The favorable climate of Jadranovo attracted early settlers, with earliest traces of settlements in the area dating back to 6500 BC - 4000 BC.

The archeological site at the Bay of Lokvišće includes ruins of walls that were in use from Antiquity until the 17th century. A large number of broken amphorae dating from the 3rd century BC to the 1st century BC were also found in the area. This indicates that Lokvišće was likely a small port with warehouses for the production and storage of wine and olive oil.
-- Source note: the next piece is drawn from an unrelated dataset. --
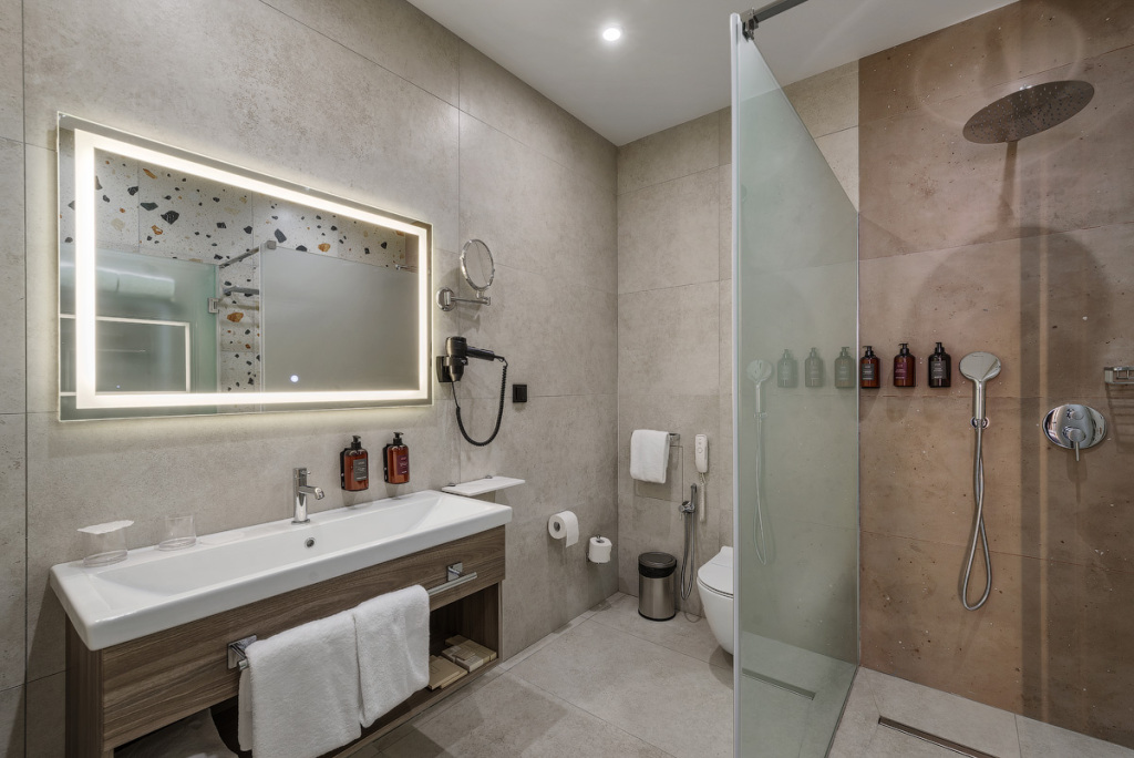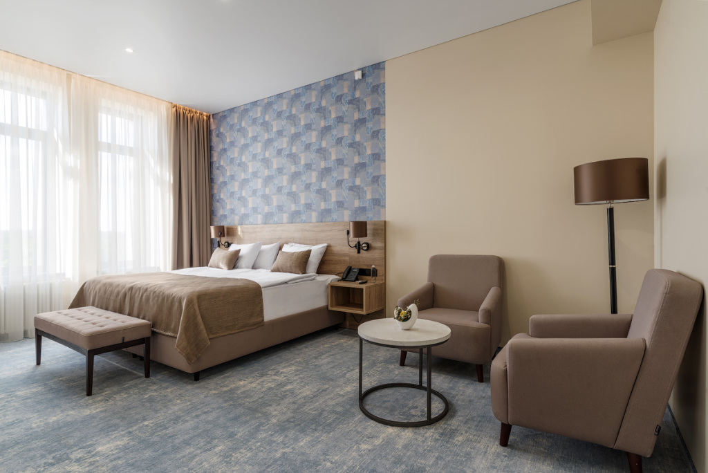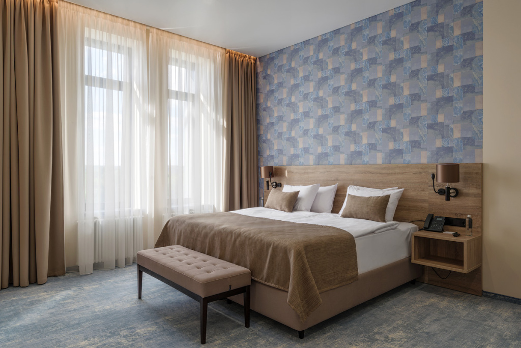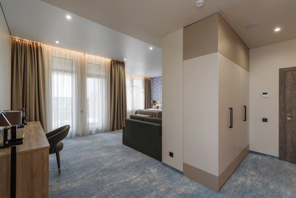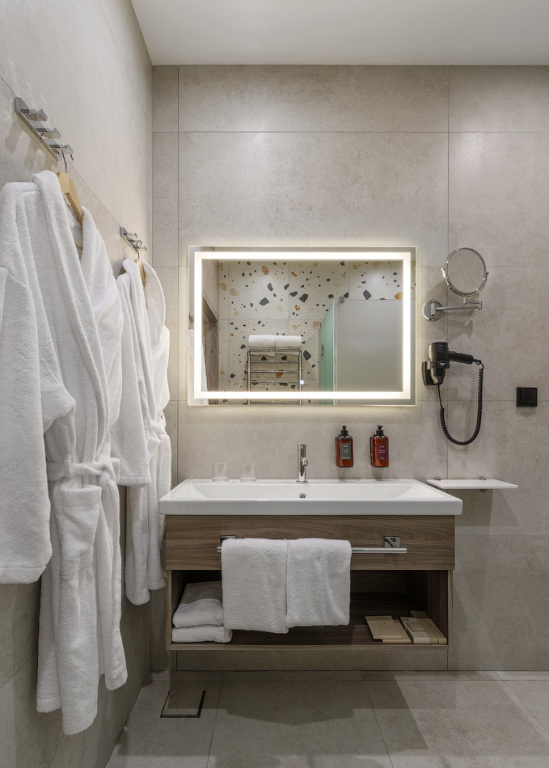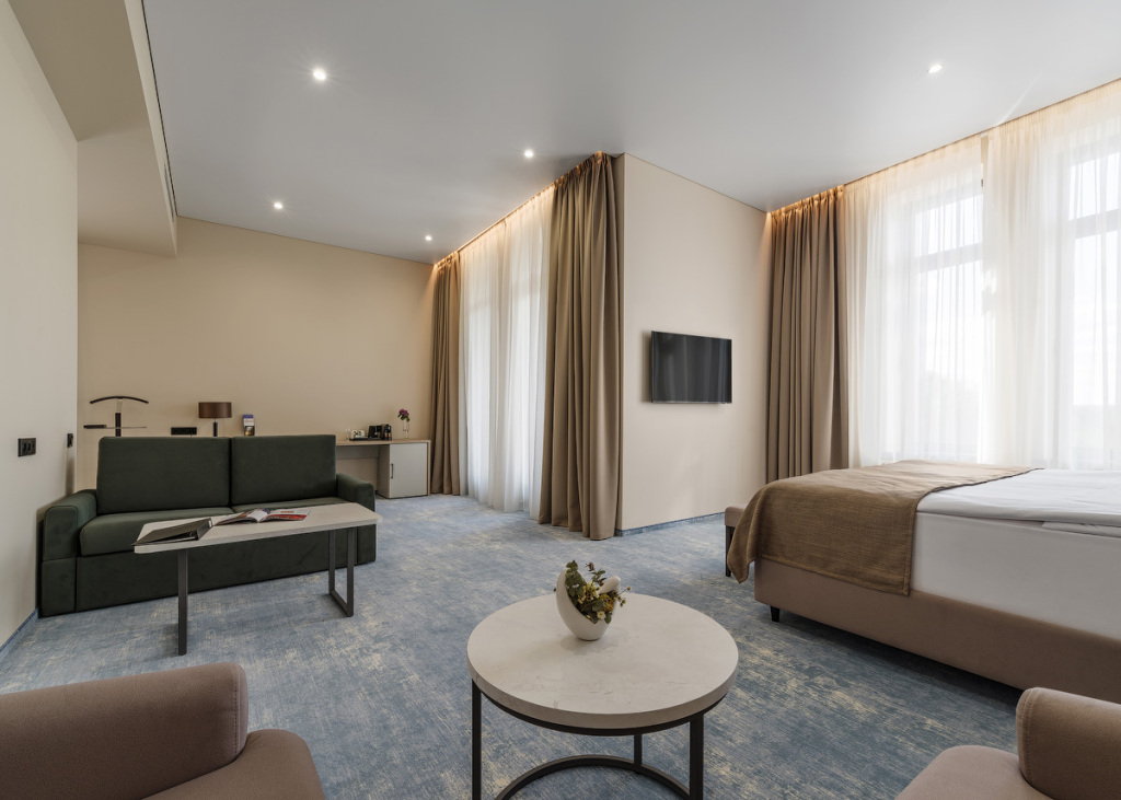 В номере: Кондиционер; Халат; Постельное бельё; Затемнённые шторы; Письменный стол; Холодильник; Фен; Отопление; Гладильные принадлежности; Зеркало; Собственная ванная комната; Сейф; Душ; Тапочки; Чайник; Телефон; Туалетные принадлежности; Полотенца; Телевизор; Шкаф; Бутилированная вода

In the 8th and 9th Century this area was populated by Croats, from the northern region of Dalmatia. The site of today's Jadranovo was named St. James (Sveti Jakov) on a map of Iacoppa de Giroldisa in the year 1426. In the Middle Ages, Jadranovo was a coastal estate and port of the castle of Drivenik municipality.

On June 14, 1952, the name Sv. Jakov – Šiljevica was abolished. In a referendum in 1954 the new name Jadranovo was chosen (other proposed names were: Ribarevo, Lovorovo, Zidarevo, Radenovo). The inhabitants were continued to be referred to as Jakovari even after the name change to Jadranovo.

The last two days of November 2008, the maximum wave height as recorded at nearby Bakar reached a record. Little rain fell, but the city was flooded anyway thanks to a strong sirocco wind. Firefighters had to pump water from basements and the HEP had to repair broken power lines. Some of the Jadranovo's beaches lost all their sand during the storm.

==Governance==
===Local===
It is the seat of its own local committee.

== Economy ==
Tourism is the largest part of the economy in Jadranovo. Although Jadranovo does not have a large capacity hotel, thanks to private accommodation arranged in rooms and apartments, Jadranovo can accommodate up to three thousand guests. During the summer there are fun events like the traditional fishermen's festival. Saint James's Feast is also celebrated on July 25 with live music.

==Population==
Jadranovo has 1,224 inhabitants (2011 census).